- Cloud Creek Location within the state of Oklahoma
- Coordinates: 36°17′35″N 94°44′22″W﻿ / ﻿36.29306°N 94.73944°W
- Country: United States
- State: Oklahoma
- County: Delaware

Area
- • Total: 14.80 sq mi (38.33 km^{2})
- • Land: 14.80 sq mi (38.33 km^{2})
- • Water: 0 sq mi (0.00 km^{2})
- Elevation: 1,053 ft (321 m)

Population (2020)
- • Total: 319
- • Density: 21.5/sq mi (8.32/km^{2})
- Time zone: UTC-6 (Central (CST))
- • Summer (DST): UTC-5 (CST)
- FIPS code: 40-15625
- GNIS feature ID: 2407638

= Cloud Creek, Oklahoma =

Cloud Creek is an unincorporated community and census-designated place (CDP) in Delaware County, Oklahoma, United States. As of the 2020 census, Cloud Creek had a population of 319.
==Geography==
Cloud Creek is located in southern Delaware County. Its eastern border is formed by U.S. Route 59, which leads north 14 mi to Jay, the county seat, and south 5 mi to the town of Kansas.

According to the United States Census Bureau, the Cloud Creek CDP has a total area of 18.7 km2, all land.

==Demographics==

Historical population
| Census | Pop. | Note | %± |
| 2020 | 319 |  | — |
U.S. Decennial Census

===2020 census===
As of the 2020 census, Cloud Creek had a population of 319. The median age was 40.2 years. 22.6% of residents were under the age of 18 and 23.2% of residents were 65 years of age or older. For every 100 females there were 161.5 males, and for every 100 females age 18 and over there were 160.0 males age 18 and over.

0.0% of residents lived in urban areas, while 100.0% lived in rural areas.

There were 123 households in Cloud Creek, of which 28.5% had children under the age of 18 living in them.
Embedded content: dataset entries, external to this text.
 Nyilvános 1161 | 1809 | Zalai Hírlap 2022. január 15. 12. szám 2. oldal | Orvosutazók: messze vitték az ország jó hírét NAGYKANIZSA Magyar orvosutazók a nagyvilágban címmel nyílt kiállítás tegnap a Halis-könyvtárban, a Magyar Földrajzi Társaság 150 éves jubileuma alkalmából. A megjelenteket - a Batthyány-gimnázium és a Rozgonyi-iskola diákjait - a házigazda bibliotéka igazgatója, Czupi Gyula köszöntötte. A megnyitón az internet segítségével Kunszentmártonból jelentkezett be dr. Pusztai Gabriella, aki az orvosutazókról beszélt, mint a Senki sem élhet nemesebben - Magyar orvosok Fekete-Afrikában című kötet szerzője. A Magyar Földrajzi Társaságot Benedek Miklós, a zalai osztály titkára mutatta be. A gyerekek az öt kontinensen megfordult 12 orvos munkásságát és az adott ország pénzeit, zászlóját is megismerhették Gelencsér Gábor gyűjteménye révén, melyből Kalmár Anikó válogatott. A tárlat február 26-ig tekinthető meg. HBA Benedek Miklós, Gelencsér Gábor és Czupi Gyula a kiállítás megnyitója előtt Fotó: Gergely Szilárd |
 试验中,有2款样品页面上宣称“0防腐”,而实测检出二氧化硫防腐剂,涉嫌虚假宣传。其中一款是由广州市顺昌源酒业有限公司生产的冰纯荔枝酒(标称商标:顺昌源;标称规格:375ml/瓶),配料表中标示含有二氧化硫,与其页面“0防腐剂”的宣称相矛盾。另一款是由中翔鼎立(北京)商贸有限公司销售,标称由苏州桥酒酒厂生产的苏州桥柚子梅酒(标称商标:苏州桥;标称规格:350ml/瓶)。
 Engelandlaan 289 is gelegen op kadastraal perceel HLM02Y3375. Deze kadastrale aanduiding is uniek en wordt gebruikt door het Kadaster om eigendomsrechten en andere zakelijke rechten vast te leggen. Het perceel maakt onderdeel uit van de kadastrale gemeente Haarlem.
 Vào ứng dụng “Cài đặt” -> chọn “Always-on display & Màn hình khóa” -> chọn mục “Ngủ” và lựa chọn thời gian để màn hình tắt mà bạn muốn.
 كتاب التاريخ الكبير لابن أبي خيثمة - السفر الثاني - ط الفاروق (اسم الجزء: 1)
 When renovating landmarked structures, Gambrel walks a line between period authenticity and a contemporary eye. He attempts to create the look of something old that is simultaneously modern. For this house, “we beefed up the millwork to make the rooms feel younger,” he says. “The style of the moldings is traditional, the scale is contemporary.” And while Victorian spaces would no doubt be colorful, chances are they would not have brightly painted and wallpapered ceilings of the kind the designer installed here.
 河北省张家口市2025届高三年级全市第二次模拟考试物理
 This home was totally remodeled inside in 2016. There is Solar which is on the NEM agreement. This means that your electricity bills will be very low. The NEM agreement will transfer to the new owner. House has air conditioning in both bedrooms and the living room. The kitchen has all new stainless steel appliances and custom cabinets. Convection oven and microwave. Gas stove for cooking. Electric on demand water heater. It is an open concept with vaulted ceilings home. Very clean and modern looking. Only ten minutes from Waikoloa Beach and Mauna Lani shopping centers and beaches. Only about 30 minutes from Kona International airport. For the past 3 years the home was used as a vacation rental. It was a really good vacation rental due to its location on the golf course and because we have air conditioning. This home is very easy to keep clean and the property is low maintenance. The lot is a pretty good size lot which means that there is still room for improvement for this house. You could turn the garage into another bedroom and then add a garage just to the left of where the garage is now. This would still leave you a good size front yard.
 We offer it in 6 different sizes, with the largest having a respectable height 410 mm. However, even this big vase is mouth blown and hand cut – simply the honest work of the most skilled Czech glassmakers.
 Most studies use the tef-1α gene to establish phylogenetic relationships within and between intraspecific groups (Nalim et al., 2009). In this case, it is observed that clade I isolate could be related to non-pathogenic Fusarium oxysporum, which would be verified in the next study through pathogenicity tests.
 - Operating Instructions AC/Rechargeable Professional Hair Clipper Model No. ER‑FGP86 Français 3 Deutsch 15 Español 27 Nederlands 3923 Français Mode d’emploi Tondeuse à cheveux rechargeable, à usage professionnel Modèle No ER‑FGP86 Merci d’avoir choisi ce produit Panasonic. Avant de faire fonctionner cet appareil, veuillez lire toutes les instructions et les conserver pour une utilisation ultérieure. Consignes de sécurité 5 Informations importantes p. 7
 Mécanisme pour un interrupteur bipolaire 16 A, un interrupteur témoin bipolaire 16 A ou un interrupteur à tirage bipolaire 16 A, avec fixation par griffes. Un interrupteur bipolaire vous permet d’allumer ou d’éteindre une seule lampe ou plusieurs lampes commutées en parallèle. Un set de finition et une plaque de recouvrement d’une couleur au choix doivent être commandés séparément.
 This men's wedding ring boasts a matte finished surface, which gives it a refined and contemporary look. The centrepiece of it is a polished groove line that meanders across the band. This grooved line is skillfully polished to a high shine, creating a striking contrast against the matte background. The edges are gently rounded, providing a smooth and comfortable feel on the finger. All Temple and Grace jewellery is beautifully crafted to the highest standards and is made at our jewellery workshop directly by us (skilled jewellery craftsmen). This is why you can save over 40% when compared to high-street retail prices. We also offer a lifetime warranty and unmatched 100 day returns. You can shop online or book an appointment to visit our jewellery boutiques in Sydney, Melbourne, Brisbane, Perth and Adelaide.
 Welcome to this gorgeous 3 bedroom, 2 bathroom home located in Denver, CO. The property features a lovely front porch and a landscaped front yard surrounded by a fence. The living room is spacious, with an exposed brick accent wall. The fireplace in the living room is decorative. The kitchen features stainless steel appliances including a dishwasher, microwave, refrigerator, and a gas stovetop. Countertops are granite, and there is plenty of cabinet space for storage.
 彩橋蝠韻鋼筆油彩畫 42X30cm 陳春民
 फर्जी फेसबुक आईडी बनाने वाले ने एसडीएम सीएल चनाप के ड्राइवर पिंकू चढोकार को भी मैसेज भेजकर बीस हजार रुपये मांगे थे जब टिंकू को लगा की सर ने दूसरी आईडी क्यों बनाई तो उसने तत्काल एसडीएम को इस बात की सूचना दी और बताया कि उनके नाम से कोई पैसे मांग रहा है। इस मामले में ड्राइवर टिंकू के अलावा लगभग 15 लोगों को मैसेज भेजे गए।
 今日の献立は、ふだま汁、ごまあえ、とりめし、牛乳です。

Of all households, 65.9% were married-couple households, 19.5% were households with a male householder and no spouse or partner present, and 9.8% were households with a female householder and no spouse or partner present. About 16.2% of all households were made up of individuals and 6.5% had someone living alone who was 65 years of age or older.

There were 136 housing units, of which 9.6% were vacant. The homeowner vacancy rate was 0.0% and the rental vacancy rate was 0.0%.

Racial composition as of the 2020 census
| Race | Number | Percent |
|---|---|---|
| White | 144 | 45.1% |
| Black or African American | 5 | 1.6% |
| American Indian and Alaska Native | 125 | 39.2% |
| Asian | 11 | 3.4% |
| Native Hawaiian and Other Pacific Islander | 0 | 0.0% |
| Some other race | 5 | 1.6% |
| Two or more races | 29 | 9.1% |
| Hispanic or Latino (of any race) | 12 | 3.8% |

===2000 census===
As of the census of 2000, there were 86 people, 30 households, and 26 families residing in the community. The population density was 11.9 people per square mile (4.6/km^{2}). There were 31 housing units at an average density of 4.3/sq mi (1.7/km^{2}). The racial makeup of the community was 52.33% White, 43.02% Native American, 1.16% from other races, and 3.49% from two or more races. Hispanic or Latino of any race were 1.16% of the population.

There were 30 households, out of which 43.3% had children under the age of 18 living with them, 63.3% were married couples living together, 20.0% had a female householder with no husband present, and 13.3% were non-families. 13.3% of all households were made up of individuals, and 6.7% had someone living alone who was 65 years of age or older. The average household size was 2.87 and the average family size was 3.15.

The population age distribution was spread out, with 33.7% under the age of 18, 4.7% from 18 to 24, 31.4% from 25 to 44, 24.4% from 45 to 64, and 5.8% who were 65 years of age or older. The median age was 33 years. For every 100 females, there were 83.0 males. For every 100 females age 18 and over, there were 96.6 males.

The median income for a household in the CDP was $23,333, and the median income for a family was $18,125. Males had a median income of $100,000 versus $0 for females. The per capita income for the community was $20,127. There were 63.6% of families and 70.5% of the population living below the poverty line, including 100.0% of under eighteens and none of those over 64.
==Education==
Most of it is in the Jay Public Schools school district, while a piece is in the Colcord Public Schools school district, and a very small piece is in the Kansas Public Schools school district.